Unintended Consequences: Asset Purchasers and ERISA

In transactions where a buyer of assets is also hiring a large group of the seller’s employees who are needed to operate the purchased assets, the Asset Purchase Agreement (“APA”) will contain fairly detailed provisions explaining how the buyer will provide ERISA plans for the employees of the seller who become employees of the buyer. In some transactions, the buyer will require that all the seller’s employees who are hired by the buyer are simply treated as new hires under the buyer’s existing ERISA plans with no connection to the seller’s ERISA plan. In other transactions, the circumstances may require that the buyer adopt the seller’s existing ERISA plans for the seller’s employees who are hired by the buyer or, if not adopting the existing plans, the buyer may be required by the APA to put in place “comparable” plans. It is not unusual for an APA to also include some assurance that what ERISA plans are in place initially will not be changed (diminished) for a period of time.

It is also not uncommon that after the closing, the buyer fails to do exactly what the APA said it would do in terms of the ERISA plan covering the employees hired from the seller.

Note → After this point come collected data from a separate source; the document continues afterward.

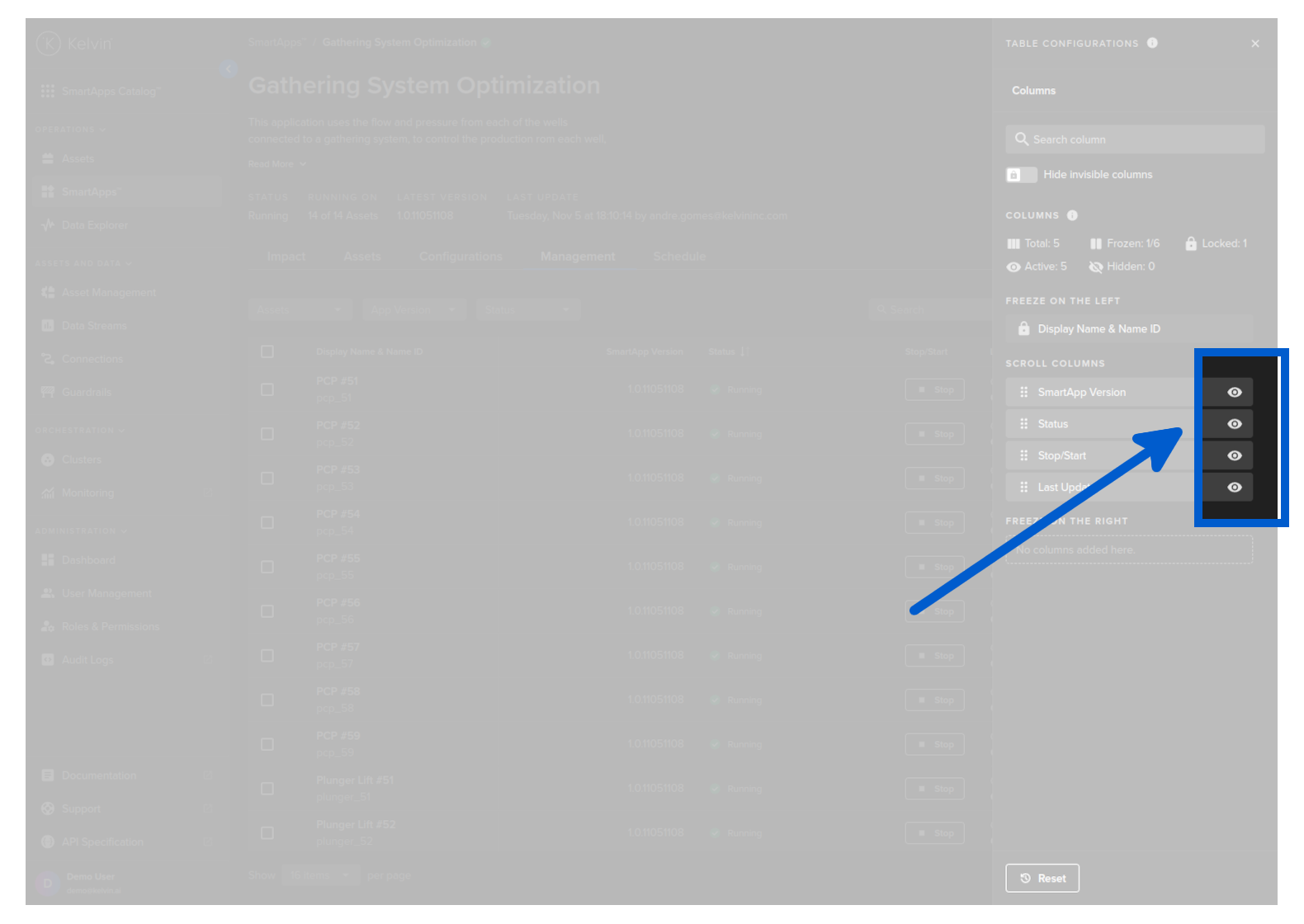 On this page you will learn how to mange Assets that have been added to a Kelvin SmartApp™ in Kelvin SmartApps™ section of Kelvin UI.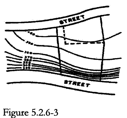 A slope and topographic map for both existing and proposed conditions based on a map depicting contours at an interval of two (2) feet or less. The map shall indicate, through cross-hatching or separate colors, all areas within each slope category described in Table 5.3-1, below.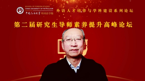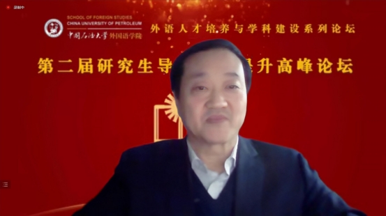教育部高等学校英语专业教学指导委员会委员、中国英汉语比较研究会典籍英译委员会会长、《东北亚外语论坛》主编、河北师范大学李正栓教授以“导师实战引领——彭斯诗群体译者行为研究”为题作主旨报告。李正栓教授从合格导师应具备的特质、导师的立德本质、导师树人的根本任务等方面,强调导师应当无私奉献,忘我指导,乐学生所乐,忧学生所忧。同时,李正栓教授指出导师要要好好讲课,要善于讲课,要科研助课,要培养学生科研意识,提高学生的科研能力,培养学生的职业能力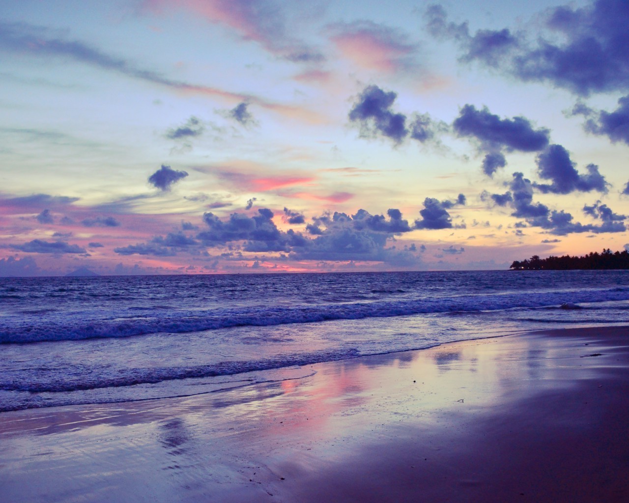 Foto de una puesta de sol en el mar desde la orilla de la playa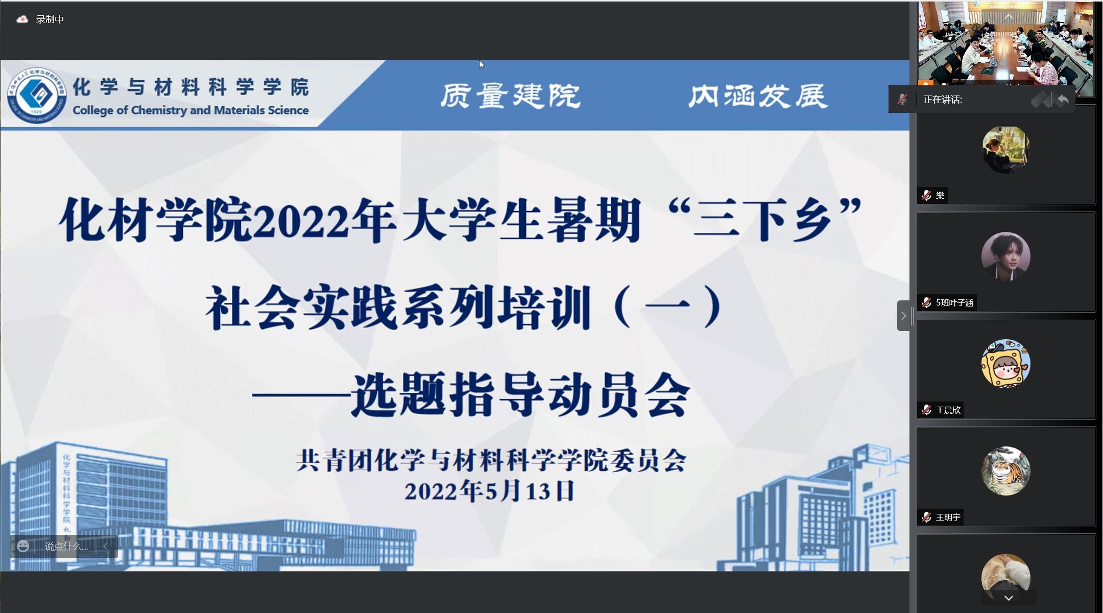 陶勇就今年社会实践整体安排、往年实践活动开展情况和实践选题建议三个方面对2022年暑期社会实践活动进行了详细介绍和解读,希望同学们结合党的二十大及建团一百周年等主题开展志愿服务和调研工作,注重体现时代特点、专业特色和当地需求。同时,他还从先锋化材、学术化材、创新化材、奉献化材四个大类为同学们做了具体介绍。随后,于洪翔、付娜、王芳老师分别就实践团队选题方向和注意事项提供了详细介绍和建议,期望大家认真对待暑期实践,积极参与,合理规划,各位老师详尽的介绍使各类团队就后期工作开展明确了方向。
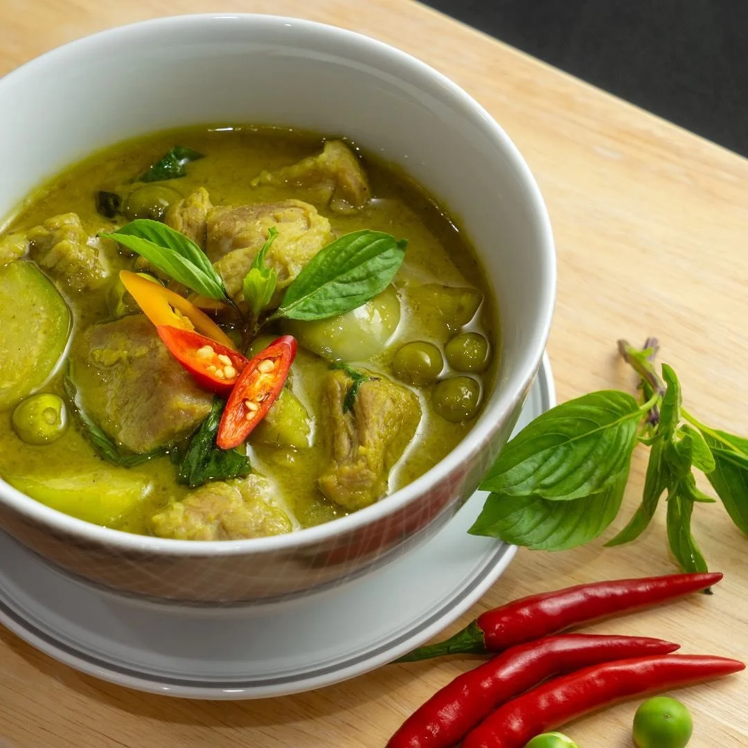A warm-and-bright Northern Thai pairing. Khao Soi features a fragrant coconut curry broth with tender noodles and a crisp noodle garnish, finished with fresh lime and pickled accents for balance. Yam Plaa brings a light, crunchy fish salad with herbs and a clean, zesty dressing. Together, the bowl and salad contrast richness and freshness for a complete, satisfying plate.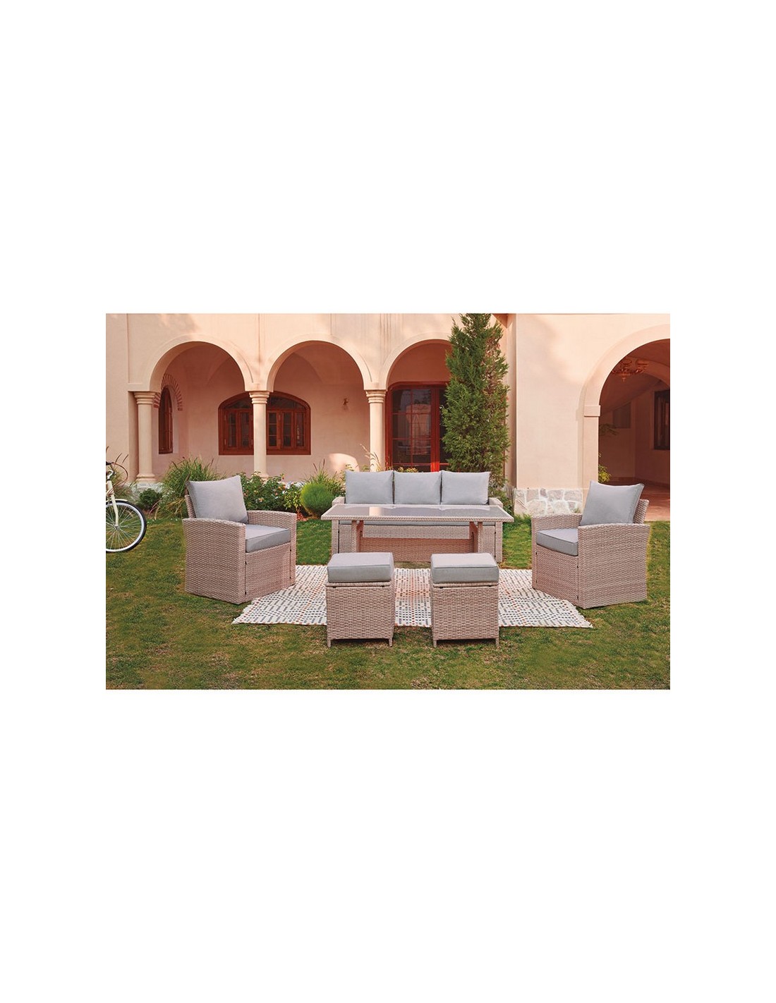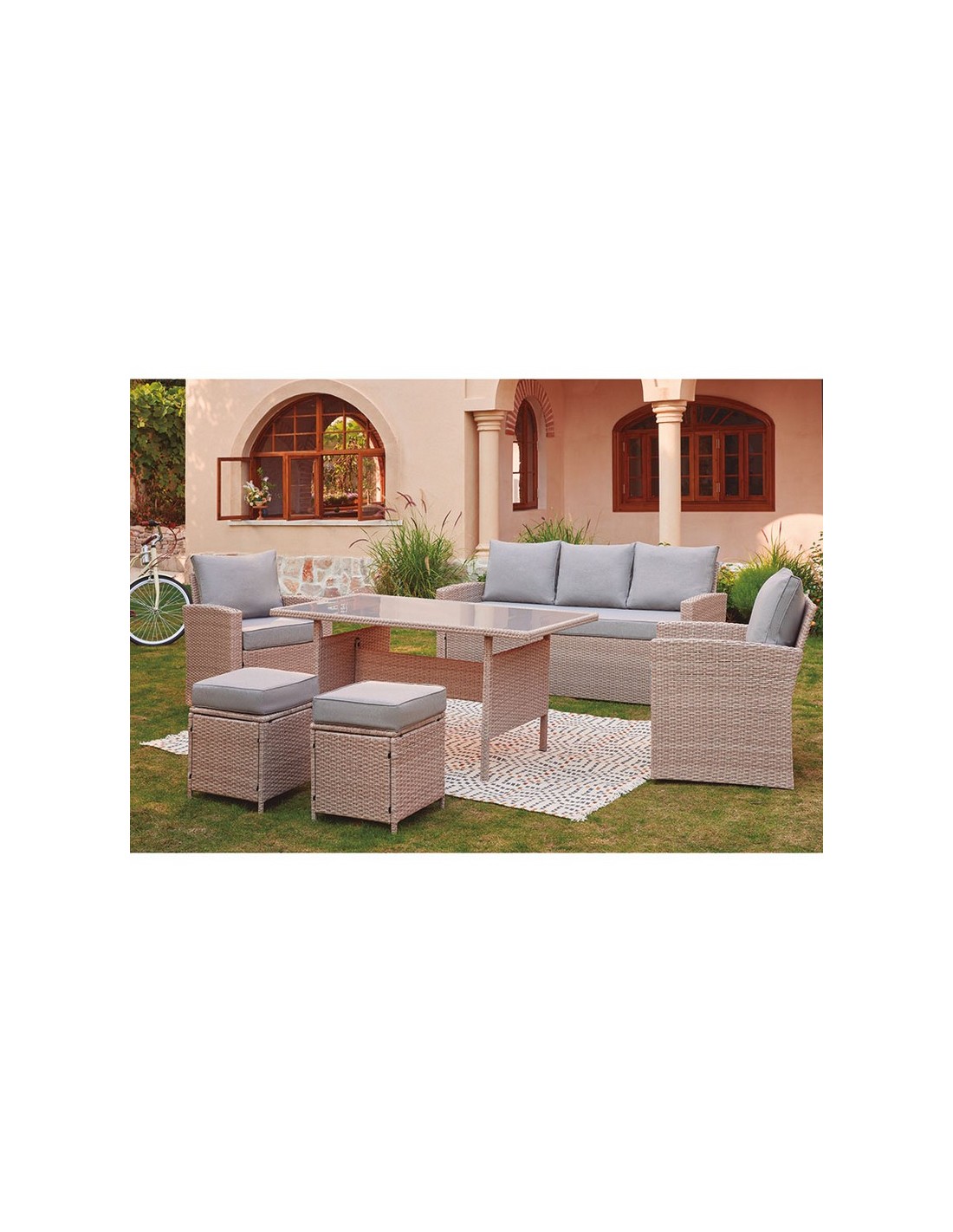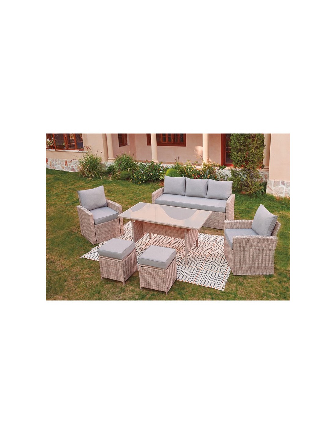 Este conjunto viene compuesto por una estructura metálica y tejido de ratán sintético plano, ideal para exteriores gracias a su gran resistencia a la intemperie. Dispone de un diseño elegante y de gran comodidad, donde lo coloques hará de el, un espacio especial para disfrutar del tiempo libre. Este conjunto está compuesto por 1 sofá de 3 plazas de dimensiones 177x72xh.80 cm, 2 sillones de 67x72xh.80cm, 2 taburetes de 40x40xh.44 cm y mesa alta con superficie en cristal templado de dimensiones 1405x80xh.70. Los cojines están fabricados en un material idóneo para exteriores. Atención, este conjunto no viene montado y se sirve en 2 cajas.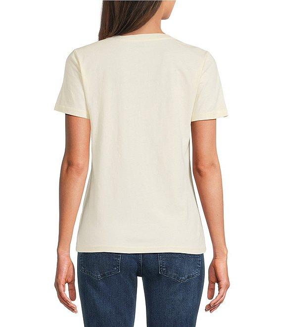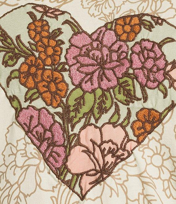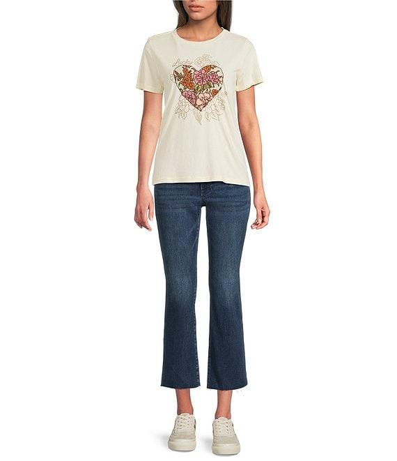 Lucky Brand Knit Crew Neck Short Sleeve Heart Print Tee
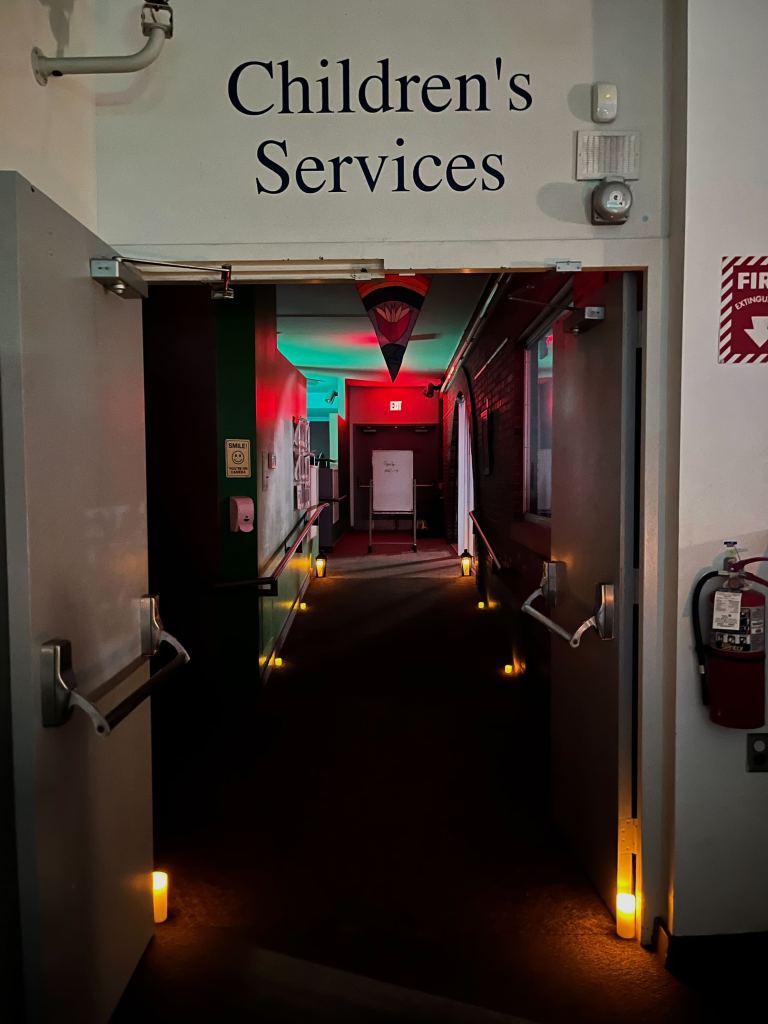 As the Head of the Youth and Family Learning Department, I thought I’d start with the Virginia Hatch Room. Also known as the Picture Book Room, the Virginia Hatch Room was built in 1983 as part of the bridge between the Old Church and the Old Bank. It has beautiful two-story tall windows overlooking the Courtyard, and a stained glass window from the Old Church that was relocated during renovations. The front of the room opens up onto the juvenile non-fiction stacks and current Youth & Family Learning public service desk. The back of the room ends in a wall with high windows and a long staircase going up to the Hubbard Room with two doors for access.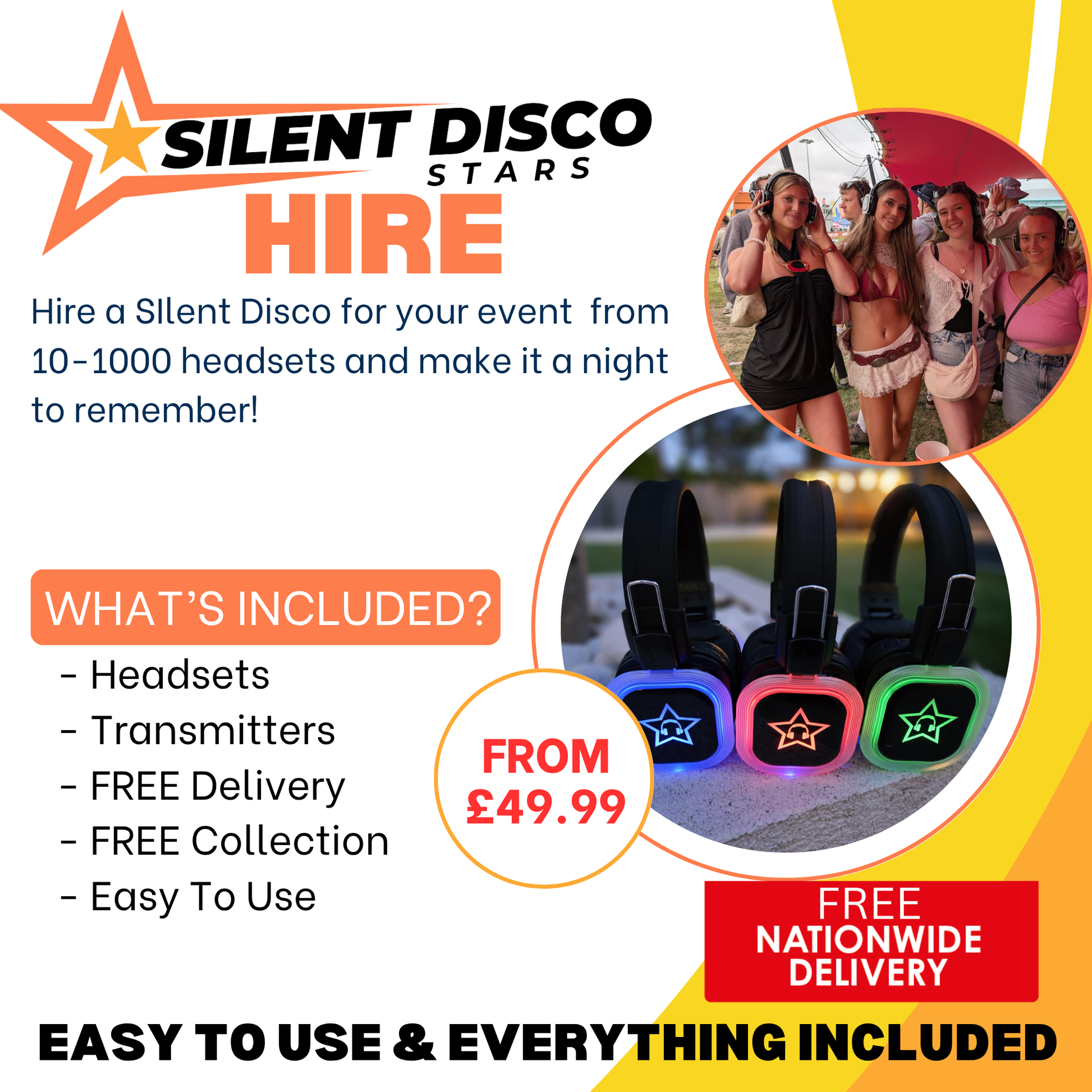 Silent Disco 10 to 500 Headset Package: Get ready to take your party to the next level with our Silent Disco Headset Packages! This set includes 10 to 600 high-quality wireless headphones that deliver crystal-clear sound, if you need more than 600, please contact us for a bespoke quote. This Package also comes with 2 transmitters, meaning you can easily switch between different music options.

The Fifth Circuit Court of Appeals (which covers the states of Texas, Louisiana and Mississippi) has held that the provisions of an APA can effectively amend the terms of an ERISA plan even when the APA is silent on whether it is intended to be an amendment to an ERISA plan and even when the APA has the common boilerplate provision that its provisions are not intended to create rights or extend benefits to third parties. The Fifth Circuit cases are Sterling Chemicals v. Evans, 660 F.3d 862, (5th Cir. 2012) and Halliburton Co. Benefits Committee v. Graves, 463 F.3d 360 (5th Cir. 2006).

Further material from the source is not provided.